Proteins, composed of 20 different amino acids, play crucial roles in various biological processes. The diversity of protein types contributes to the richness of life, with the various combinations of these 20 amino acids at different lengths being the foundation of this diversity. However, many wild-type proteins have issues, such as low expression efficiency and susceptibility to misfolding, making it challenging for humans to utilize them directly. Therefore, certain optimizations are necessary before using wild-type proteins.
To determine the title of our project, we engaged in profound discussions with several professors and students specializing in proteins within our college. For many IGEMers and researchers, using a wild-type protein is almost inescapable. During the process of protein sequence modification, numerous steps are required. Each step has a plethora of web tools, and invoking these tools can be very time-consuming. Our research has shown that while various websites are available, it is difficult to find a platform offering a one-stop service. Therefore, after reviewing the relevant literature, we decided to integrate some well-researched models and create a platform rich in design links and resources, serving as a stepping stone for undergraduates to understand synthetic biology.
To automate protein optimization, we employed EVmutation, an unsupervised protein sequence optimization model. With EVmutation's automated calculations, we can determine whether each mutation at every mutation site is beneficial for protein utilization. Through automated calculations and selections, we can derive an optimized sequence.
Before utilizing the acquired sequences in constructing expression systems, we decided to undertake a series of actions to make the results more user-friendly. To better inform users about which site in the sequence underwent mutation, we use Jalview to display differences between the original and result sequences. Through these efforts, users can obtain comprehensive information about the directed evolution process.
The next step is the construction of the expression system. For this, we've designed a complete toolkit compatible with the most common methods used in laboratories. We first present users with a set of vectors and their information. Once they choose the desired vector, we perform codon optimization to enhance expression efficiency across different biological chassis. We also initiate signal peptide cleavage, ensuring the expressed protein isn't secreted outside the cell. These two steps can increase intracellular protein concentration, benefiting protein purification.
Lastly, we introduced an automated primer design process based on commonly used homologous recombination vectors. Using the information we've stored, we can effortlessly design PCR primers for target and vector sequences. With this, we've achieved a comprehensive procedure from protein optimization to expression.

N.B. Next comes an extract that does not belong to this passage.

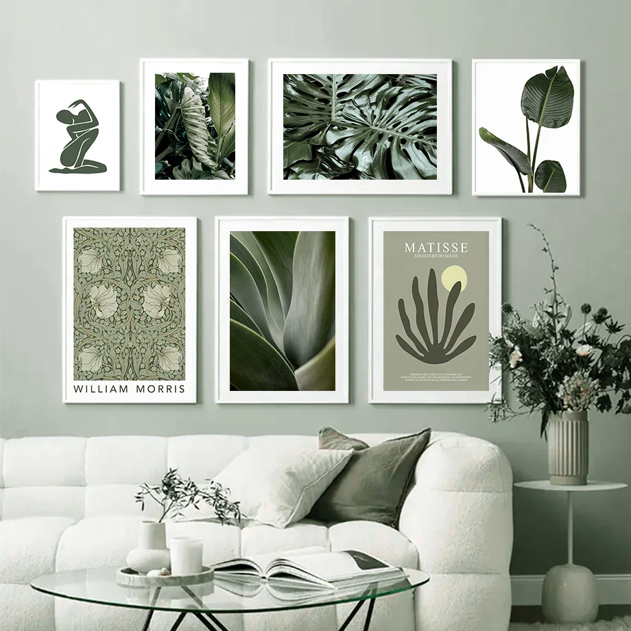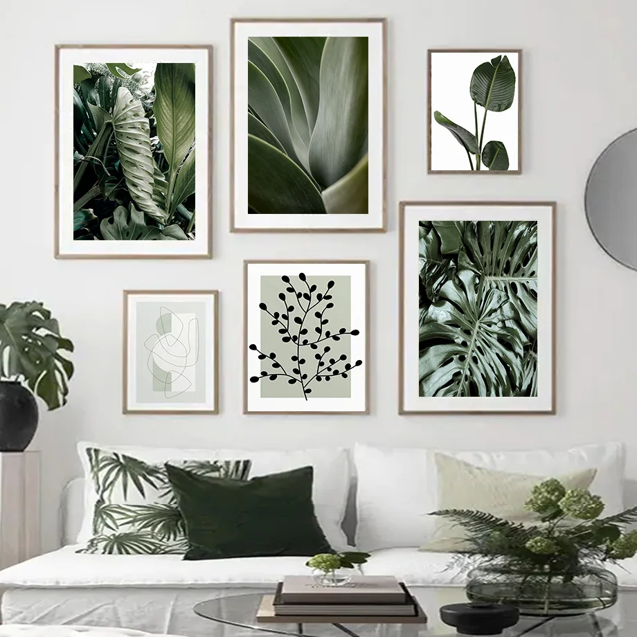 Monstera, зеленые растения, листья Матисса, Женская настенная Карти...
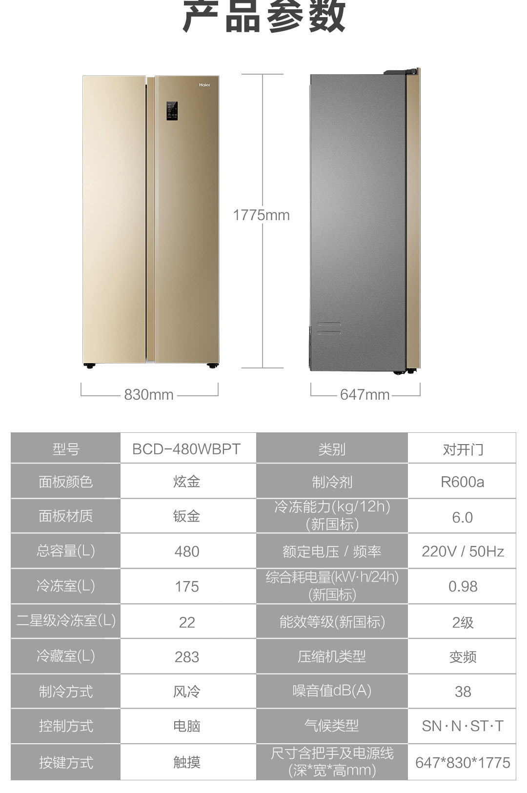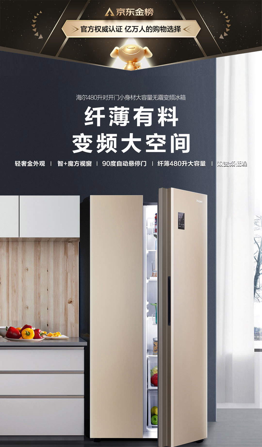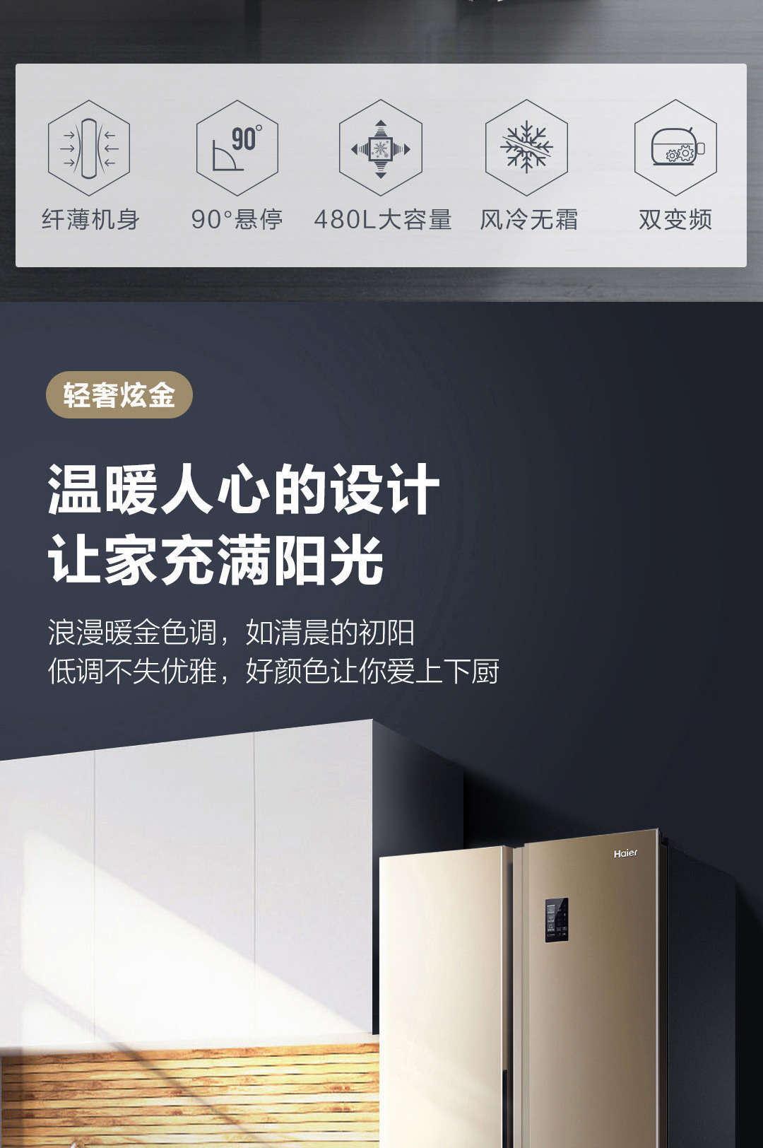 【下单前请先与客服联系】海尔 (Haier )480升风冷无霜变频智能对开门双门冰箱90°悬停门双变频金色BCD-480WBPT

Integrated Full Process & User-friendly Operation:
- Integrated Full Process & User-friendly Operation: Simply input the desired protein, and our tool can handle the entire process from protein optimization to expression system design.
- Provides Abundant Relevant Information: Our tool offers functionalities like mutation site display and structural prediction, allowing users to understand protein optimization from various angles.
- Appealing Interface & User-friendly for Various Skill Levels: Compared to pre-existing tools, our platform offers extensive prompts with a more aesthetically pleasing interface.